Die AG Evaluation von Lehrerfortbildungen hat es sich zum Ziel gesetzt, die Fortbildungsmaßnahmen, die vom Studienseminar in Fritzlar durchgeführt wurden, auf ihre Wirksamkeit hin zu überprüfen. Im aktuellen Teilprojekt mit der sechsten Kohorte wird die „Implementation von Lautlesetandems zur Förderung der Leseflüssigkeit durch eine Lehrerfortbildung (TAFF)“ untersucht: An diesem Projekt ist neben dem Studienseminar Fritzlar auch das Projektbüro Individuelle Förderung Nordhessen beteiligt. Im Mittelpunkt steht die Frage, wie wirksam eine Fortbildung zur Förderung der Leseflüssigkeit ist, die sich eng am Konzept der Lautlesetandems der Frankfurter Arbeitsgruppe von Cornelia Rosebrock orientiert.

Nicht nur Lehrer/-innen und Fortbildner/-innen arbeiten in dieser Arbeitsgruppe mit, sondern auch Studierende des Masterstudiengangs Empirische Bildungsforschung. In Kooperation mit einem Seminar bei Prof. Dr. H. P. Kuhn planen die Studierenden das Untersuchungsdesign, entwickeln und adaptieren Instrumente, erheben die Daten, werten diese aus und melden diese den Lehrpersonen zurück. Nicht zuletzt die erforderlichen Abstimmungen und Kooperationen im Team bieten einen guten Einblick in die komplexen Anforderungen moderner und schulnaher Bildungsforschung, wie sie sich häufig im Alltag von Bildungsforschern ergeben. Es handelt sich somit insgesamt um ein Projekt, das schulbezogene Diagnostik, praxisnahe und forschungsorientierte Ausbildung von Studierenden, empirische Forschung und Lehrerfortbildung miteinander verbindet.

Weiterführende Informationen

Kontakt: Marina Stuckert, e-Mail: stuckert@uni-kassel.de

Koordination: Prof.

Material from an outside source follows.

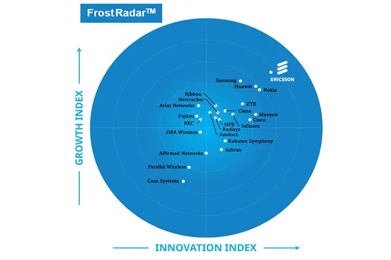 وتتضمن محفظة إريكسون الشاملة منتجات وحلولاً تغطي شبكات النفاذ اللاسلكي التقليدية، وشبكات النفاذ الراديوي المفتوحة والافتراضية، والشبكات الأساسية والطرفية، والشبكات الخاصة. وتتوقع فروست آند سوليفان تحولاً نحو شبكات النفاذ الراديوي المفتوحة والافتراضية في جميع أنحاء القطاع، كما تشير أبحاثها إلى أن دخول إريكسون إلى مجال حلول شبكات النفاذ الراديوي المفتوحة سيساعد على تحقيق ذلك الأمر، لا سيما وأن عملاءها الأوائل هم من كبار مزودي خدمات الاتصالات حول العالم.

Dr. Frank Lipowsky (FB 01)

Weitere Beteiligte: Gisela Dorst (Studienseminar GHRF Fritzlar), Prof. Dr. H. P. Kuhn, Daniela Rzejak (wissenschaftliche Mitarbeiterin), Marina Stuckert (Studentin)

Online-Fallarchiv Schulpädagogik

Unter der Internetadresse www.fallarchiv.uni-kassel.de steht Lehramtsstudierenden und an allen, die in der ersten, zweiten oder dritten Phase der Lehrerbildung tätig sind, ein kostenloses Archiv mit Fallanalysen aus dem Bereich der Schulpädagogik der Universität Kassel zur Verfügung. Die Materialien, die als PDF zum Download bereit stehen, sind ohne Anmeldung nutzbar.

Der Fallbestand wurde seit seinem Bestehen 2005 kontinuierlich ausgebaut und umfasst aktuell eine Sammlung mit fast 350 Falldarstellungen und Fallinterpretationen. Darüber hinaus werden Vorschläge für die Nutzung des Fallarchivs in der Lehrerbildung präsentiert.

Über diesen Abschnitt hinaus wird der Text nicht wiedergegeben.